Not everyone with PD gets dementia, though it does happen to many in the late stages of disease – we were just particularly unfortunate that Jon got it so early on. At least now we finally seem to be finding the same kind of balance with dementia that we managed to find with Parkinson’s. Not a moment too soon.

09 April 2012

Numbers

JON: This week it was my birthday – for the 59th time! The only bright spark is that at least it’s not 69. In fact, a recent article in the New Scientist about the popularity of various numbers said 42 was most people’s favourite number (presumably courtesy of The Hitchhiker’s Guide to the Galaxy where ‘42’ features as the answer to the meaning of life, the universe and everything). ‘69’ came second favourite, probably because the rude connotations appeal to small boys of all ages and genders.

I’ve been working for days on turning my 59th birthday into a good rude joke involving the number 69, but I’m stuck. In fact, I used to enjoy swapping jokes and banter with people, and I think I was funny (at least to highly intelligent native speakers of English, and occasionally to Marie). However, I think I have become unable to tell jokes properly. I find myself delivering the punch line first, miss out essential parts of the joke, rarely manage quick banter – and I just don’t think I’m that funny anymore.

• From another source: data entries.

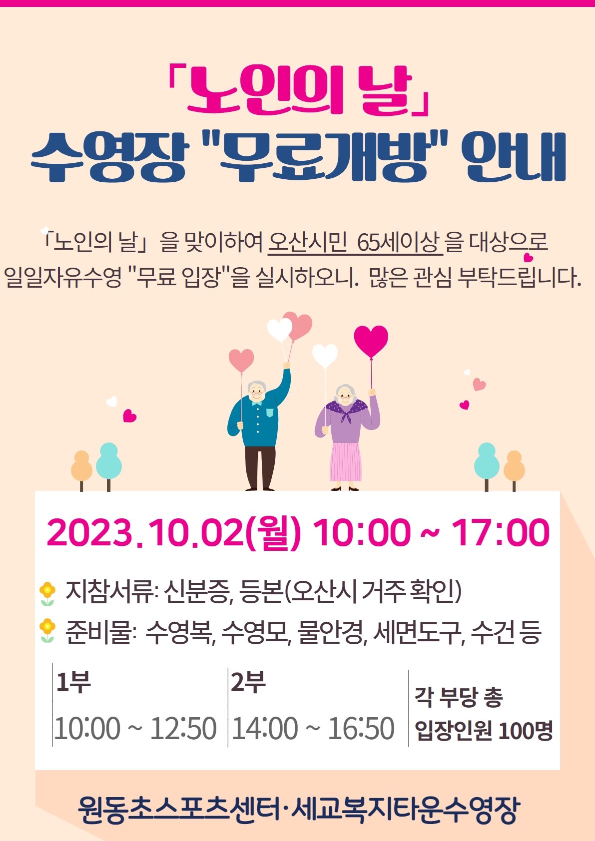 세교복지타운 수영장 노인의 날 " 수영장 무료 개방" 작성자 osansisul01 등록일자 2023년 9월 12일 9시 45분 12초 조회 584 노인의날_홍보문(원동,세교).jpg [ Size : 483.23KB , Down : 1,075 ] 미리보기 다운로드 목록보기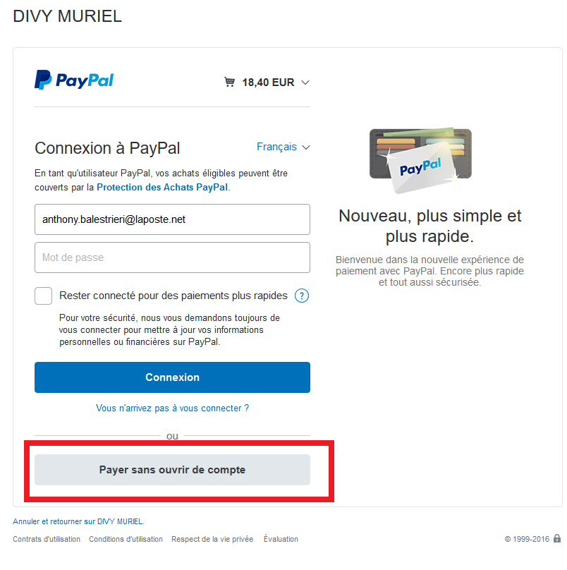 Dans la page suivante, cliquez sur PAYER SANS OUVRIR DE COMPTE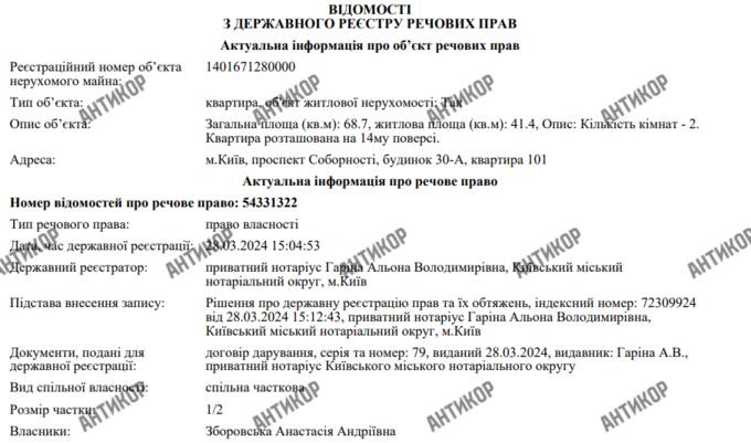І в тому ж місяці ймовірна колишня дружина Зборовського стала власницею двокімнатний квартири у новобудові в Києві. Помешкання було отримане нею за договором дарування.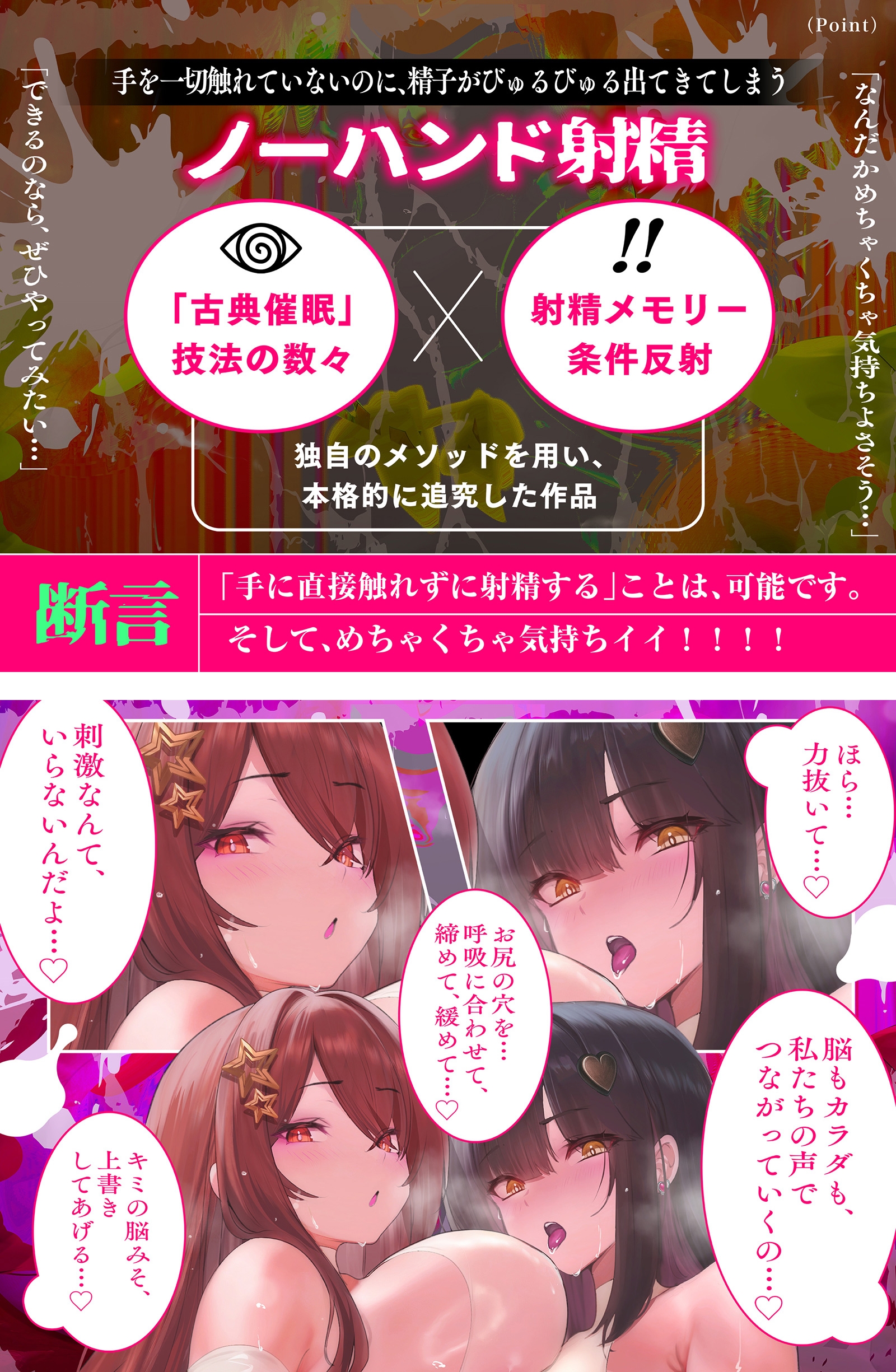 本作品は、本気で「ノーハンド射精」をする方法について、「古典催○」の技法の数々と「射精メモリー条件反射」という独自のメソッドを用い、本格的に追究した作品です。
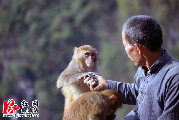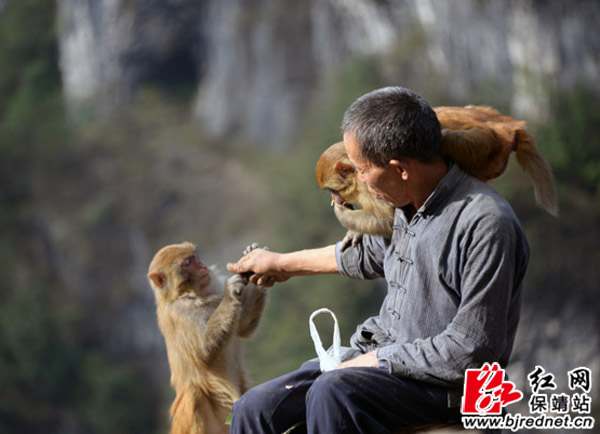 人猴亲如一家 张承印 摄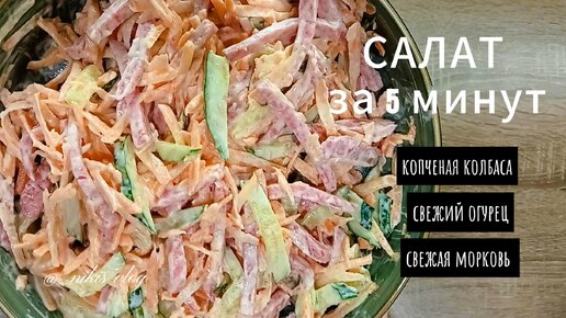 САЛАТ из свежей моркови и копченой колбасы. Сочный хрустящий и в меру соленый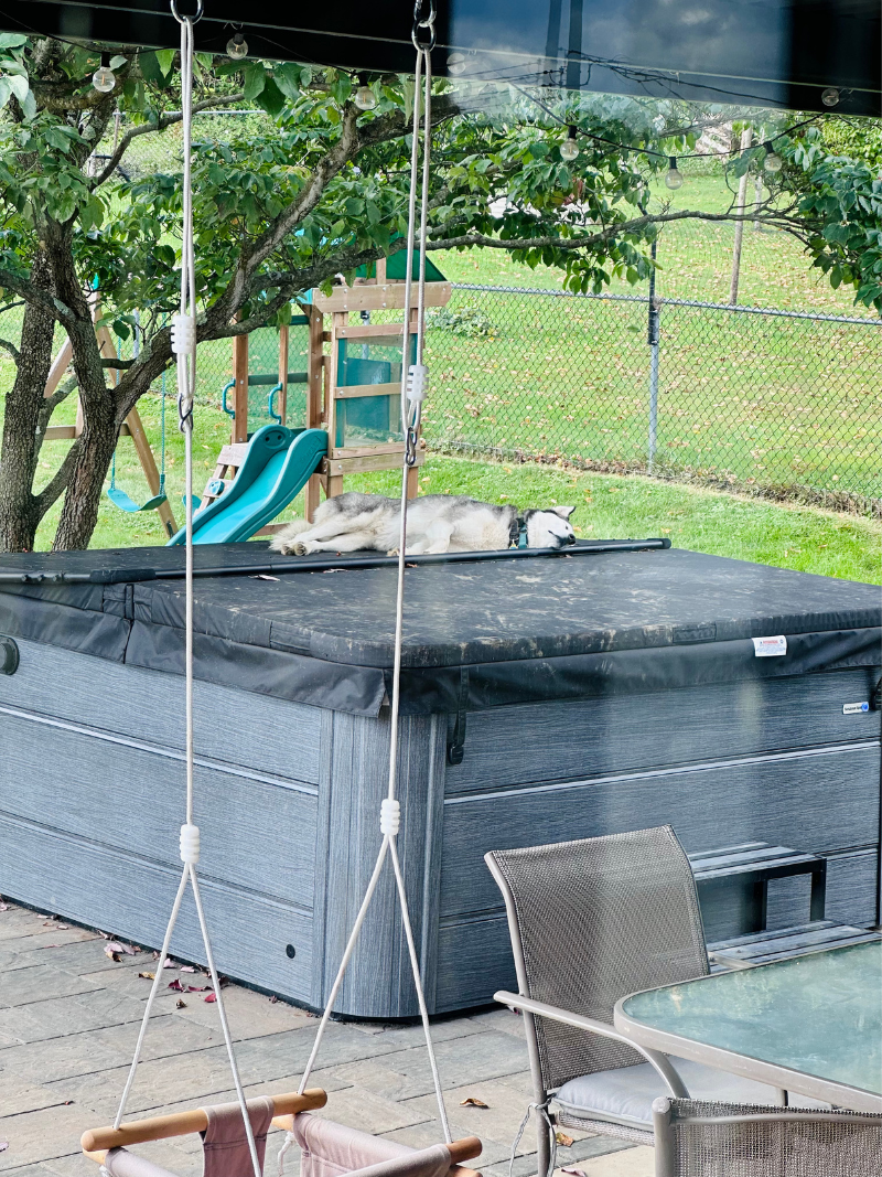 Current laugh I looked out our back door the other day and Niva was sleeping on the hot tub?!

Why? I suspect two factors: progression of the PDD, and / or the lack of an audience. The people I hang with at the Oak House may be incredibly funny, but how would I know without speaking Danish? But I doubt it, they generally seem like a fairly dull bunch. Places like this are known as ‘Gods waiting rooms’, i.e. places where we go and wait to die (another potential joke lurks in a mispronouncing ‘to-die’ to sound like ‘today’ – ho ho ho, aren’t I the witty one?).

I think I’m beginning to settle in at the Oak House, though. I’ve formed a plan together with one of the regulars to produce some artwork to decorate a large wall in the kitchen with a new molten wax technique (well, new to me, anyway). I think I’ll enjoy that.

I have also been made a guide to the Oak House for a potential new ‘inmate’. As I may have mentioned, Marie attends every meeting relating to Parkinson’s or dementia in a 100 km radius. At one, she met a nice couple from the next village. The wife is ‘normal’, the husband has early-onset dementia. Somehow I’ve agreed baby-sit at his first visit to the Oak House, show him around and make him feel comfortable. A bonus is that he has lived for many years in Britain so is potentially someone easy for me to talk to.

He was inducted during our pre-Easter celebrations, a day starting with enormous pastries to celebrate my birthday, followed by an excessive lunch with beer and schnaps. At home waited the promise of a birthday dinner consisting of a HUGE steak, a small amount of salad, and as much apple crumble and custard as I could possibly eat.

I’m told many Parkies go off their food because all the drugs can give you nausea, but that has happily not happened to me (yet?). But I do regularly increase my intake of red meat by viciously biting my cheeks. PD has got to be at fault there somehow, though I’m not at all sure if anything can be done about it.